So, I got a call (telephone, not God) this week from an interim stated supply who thought I should talk to her church about becoming their stated supply. I reluctantly agreed to come and talk to the session. I haven't heard back and I'm really relieved because I don't want to go there.
I need time to see what God has in store for me for the next few years. I am so burned out from the resistance in the congregation I serve.
Dinner last night with a group of women I don't know very well. It was so much fun. One woman mentioned that she and a friend were turning 40 and trying to figure out what they wanted to do next. Living in this time is such a gift: there are so many things for women to do and try. We can be one thing this moment and something else the next.

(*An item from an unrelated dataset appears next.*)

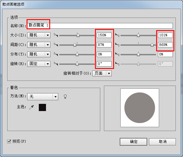 到此完成第1种自定义艺术画笔;接着进行第2种艺术自定义画笔制作,切换到圆形工具随意画一个正圆形填充任意色取消描边色,分别进行两个自定义散点画笔,散点画笔设置分别如下图

One thing I really want to think about is growing older. On the one hand, I fight like crazy to stay healthy (though eating my way through lemon tarts is definitely not the way to do this). I fantasize about getting my neck fixed. I want to face the reality that I'm not as strong as I used to be, that I can't do what I once could do. And it will not get better. I want to learn to accept the limitations age brings without turning into one of those women who are bitter, angry, and frozen into selfishness and rigidity. I want to continue to love life.
I think it was Joseph Campbell who talked about Hinduism as having four stages of adulthood (this was for men, but anyway, I think it applies to women). The first stage is student: learning, then making a living, then a householder and finally focusing on the spiritual nature of life.
I'm really feeling a pull to the spiritual, to being. I'm also feeling a pull to creativity.
Well, it's time to brave the heat and pull up weeds. It's a nice metaphor for what I want to do for the next little while: pull up the weeds that choke growth and life. (On the other hand, weeds are also living . . . not sure where my analogy is going now, but I definitely am going outside.)